English dramatist (1794–1881)

Mary Emma Ebsworth (2 September 1794 - 13 October 1881) was an English dramatist.

==Life==
Ebsworth was born in London. Her mother, Mary Bailey, was said to be the "daughter of Joseph Grimaldi's landlady" and she taught her French as she has been educated in a French convent. Her father was the entertainer Robert Fairbrother, member of the Glovers' Company, and in later years a fencing-master. Her father was a friend of Richard Brinsley Sheridan, and though he had lost several thousand pounds by him would never permit one word to be spoken against him. He was also the schoolmate and lifelong friend of Mrs.
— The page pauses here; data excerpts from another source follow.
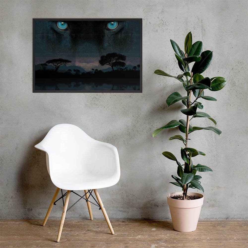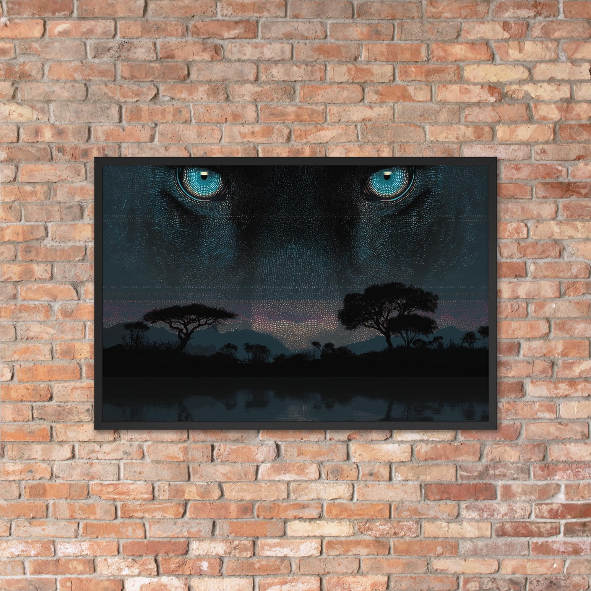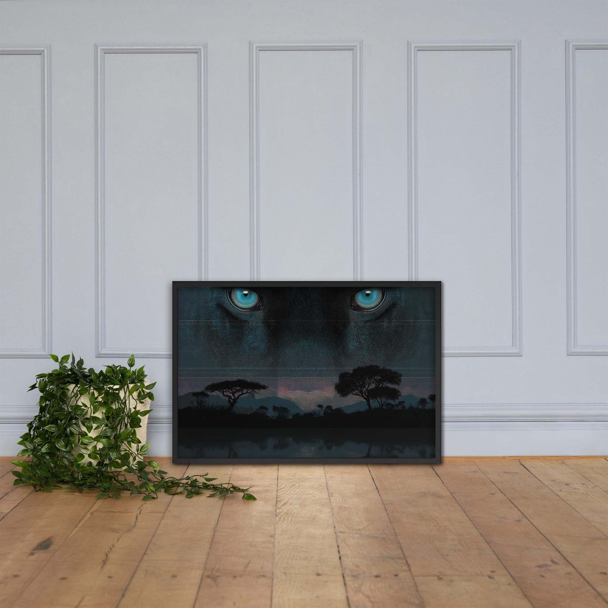 Step into the wild calm of the night. “Eyes of the Night” captures the quiet tension between mystery and serenity — the gaze of a hidden predator watching over an African landscape at dusk. Deep blues, shadowed silhouettes, and a sleek matte black frame make this piece the ultimate statement of elegance and power.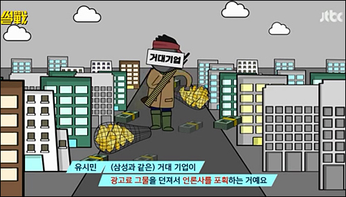 이에 유 작가는 “이렇게 되면 회사 전체적인 차원에서 삼성을 비판하는 기사를 검열하게 돼 있다”며 “정치학 용어로 ‘캡처(포획)이론’이라고 한다”고 소개했다.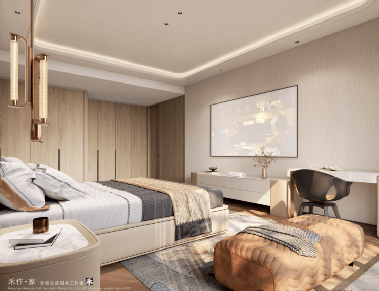 主卧中,Visionnaire Ripley 床架以低调奢华诠释休憩美学。深灰色真皮面料带着荔枝纹肌理,床头绗缝工艺暗藏对称美学,金属嵌条如精致腰带勾勒轮廓,与硬装艺术玻璃形成呼应。两侧悬浮床头柜轻盈悬空,玻璃台面与金属支架透着现代气息,柔和灯光洒在床品上,营造静谧安稳的睡眠氛围。
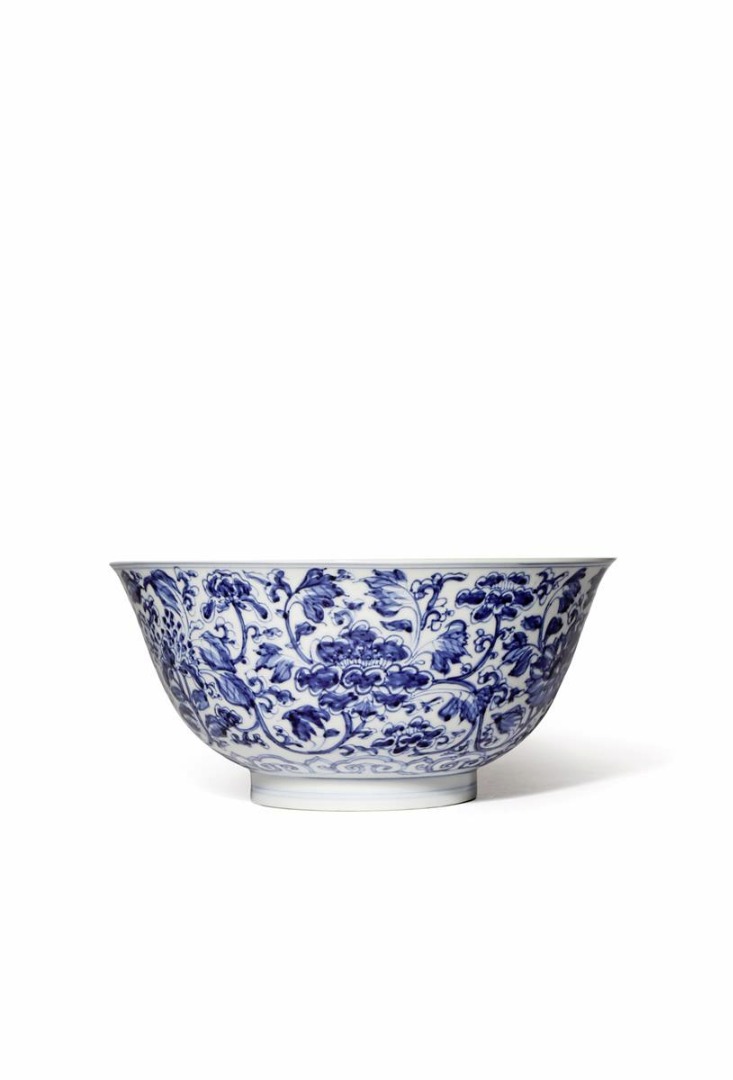 Painted to the exterior with a dense foliate design of peony, chrysanthemum, lotus and other flowers, the interior with a central roundel of peony, 20.5cm.

Jordan; great efforts were made to induce him to surrender her letters, many from the Duke of Clarence; but he refused any bribe, and himself destroyed all his papers, lest his descendants might be tempted.

Under the signature of 'Sheridonicus' her father wrote for 'Thalia's Tablet, or Melpomene's Memorandum Book,’ of which the first was published on 8 December 1821. Fairbrother married Mary Bailey. One of their sons, Samuel Glover Fairbrother, became a well-known theatrical publisher; another son, Benjamin Smith Fairbrother, who died on 28 August 1878, aged 76, was prompter, stage manager, and treasurer in succession at the chief theatres in London.

==Work==
French was so habitually spoken and read by Mrs. Fairbrother in the early days of her married life that her daughter, Mary Emma, turned to translating books for the publishers, one of these being a romance of 'Masaniello.' On 22 June 1817 she was married to Joseph Ebsworth, and lived at 3 Gray's Walk, Lambeth, where five of their ten children were born, the eldest being Emilie Marguerite, born in 1818, afterwards wife of Samuel H. Cowell, comedian. Before December 1826 she went to Edinburgh. She was closely associated in dramatic composition and translations with her husband; but several of her independent works were published in John Cumberland's acting drama: 'Payable at Sight; or the Chaste Salute,’ acted at the Surrey Theatre, &c.; 'The Two Brothers of Pisa,’ with music by T. Hughes, at the Royal Coburg, printed 1828; 'Ass's Skin;’ and, among many others, perhaps her best work, often acted, 'The Sculptor of Florence.' She was of a most retiring and unselfish nature, loving a private life with the constant care of her children and of her parents, who joined her in Edinburgh. Mrs. Ebsworth survived her husband thirteen years; all but three of her children died before her.

She returned to London in 1879, and died where she lived at 57 Boyson Road, Walworth, Surrey, aged 87; she was buried on the 19th at West Norwood Cemetery.